Billy Kitchen accepted the whiskey Jimmy poured, both men settling into the uncomfortable ritual of conversation neither particularly wanted but both recognized as necessary.

The office felt smaller with Billy's presence—another person occupying space Jimmy had come to think of as his isolation made physical.

"You're wondering why I'm here," Billy said, not quite a question.

"I'm wondering several things. Why you're here is among them." Jimmy lit a cigarette, buying time to assess the situation. "Last I heard, you were in Glasgow. Thomas Bennett, successful merchant, son recovering from tuberculosis. That was the life I arranged for you."

"It was. It is." Billy turned the glass in his hands, studying the amber liquid. "The boy's healthy now. Strong. I have work, a home, something resembling normal life. You gave me all of that, Mr. Cartwright, and I'm grateful."

"But?"

"But I've spent eighteen months watching your operations from distance. Receiving your occasional requests for Glasgow intelligence. Understanding how you work."

Billy met Jimmy's eyes directly. "And I've figured something out that's been bothering me since the day you faked my death."

Jimmy waited, already calculating responses to various accusations Billy might make.

"You saved my life by making me your asset," Billy said quietly. "That's not salvation, Mr. Cartwright. That's recruitment."

The observation landed with uncomfortable accuracy. Jimmy kept his expression neutral, professional. "I gave you a second chance. Identity, resources, passage to safety. Your son got the treatment he needed."

"You did. All true." Billy leaned forward slightly. "But let's be honest about what actually happened. I betrayed the Shelbys because Section D offered to pay for my son's treatment—the only way I could afford the sanatorium.

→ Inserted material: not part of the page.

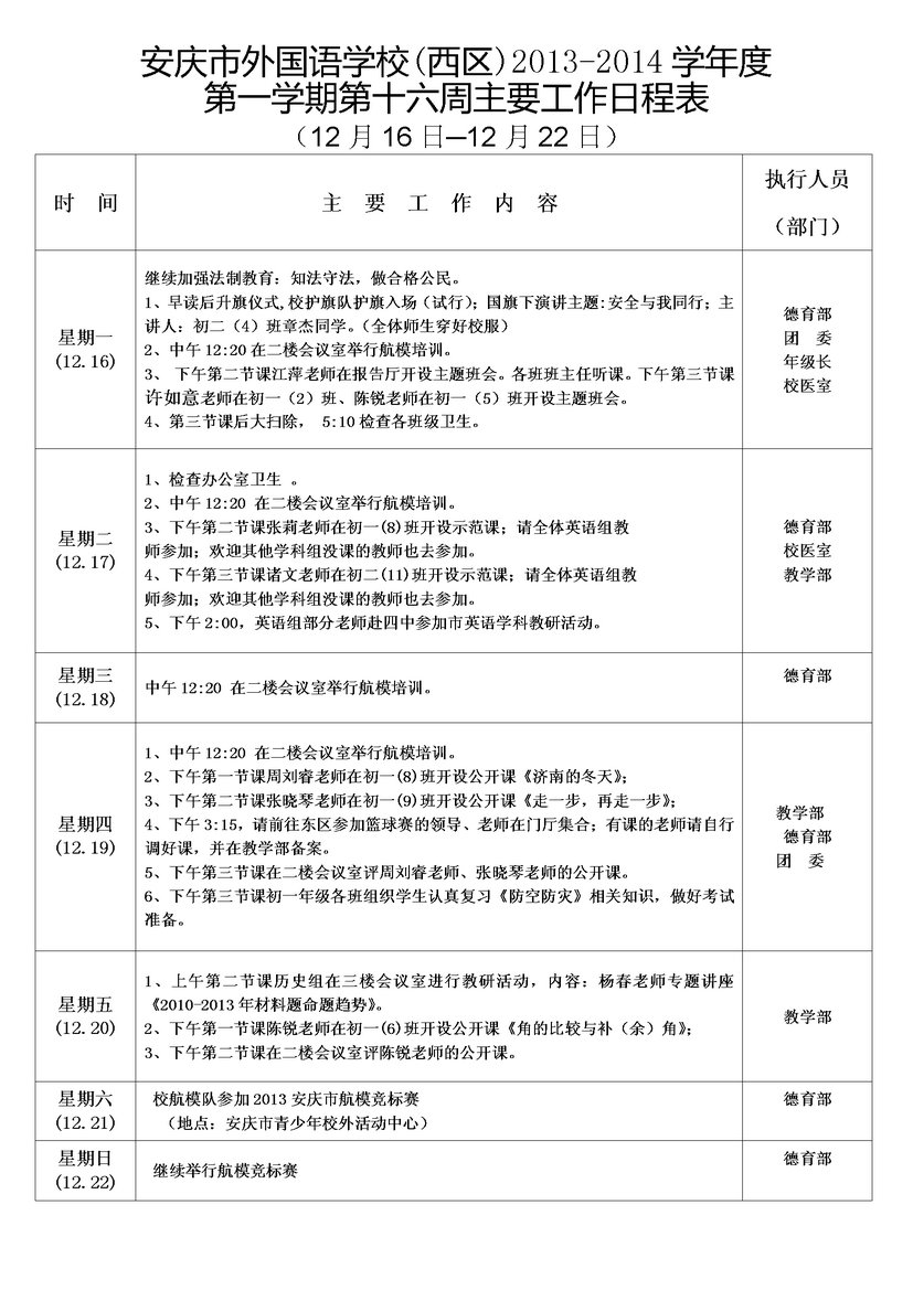 第十六周主要工作日程表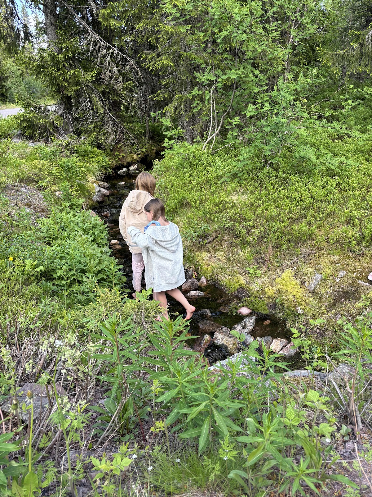 Vi doppade fötterna i bäcken. Det var iskallt!

You discovered my betrayal, and instead of letting Arthur kill me, you arranged something that looked like mercy but served multiple strategic purposes."

"Such as?"

"Such as demonstrating to the family that strategic thinking could solve problems violence would only complicate. Such as creating asset in Glasgow who'd provide intelligence out of gratitude.

Such as establishing yourself as the merciful alternative to Arthur's brutality." Billy's voice carried no anger, just weary recognition. "The helping was real. But it was never only helping."

Jimmy stubbed out his cigarette, reaching for another. "You're alive. Your son is healthy. Does the motivation behind that matter?"

"It matters because it's pattern." Billy pulled folded papers from his coat. "Section D approached me again two months ago. Offered money, protection, asked me to resume intelligence gathering on Shelby operations."

Jimmy tensed despite himself. "And?"

"I refused. Told them I'd left that life behind." Billy spread the papers on the desk—correspondence, meeting notes, recruitment attempts. "But in refusing, I learned something interesting.

They didn't understand why I'd refuse. Said I had 'existing relationship with Shelby intelligence operations' and should be 'motivated to continue that relationship given how it had benefited me previously.'"

"What's your point?"

"My point is that everyone you 'help' becomes piece on your board, Mr. Cartwright. The helping is genuine—I'm not denying that. But it's never only helping. There's always strategic purpose beneath the mercy. Always calculation behind the compassion."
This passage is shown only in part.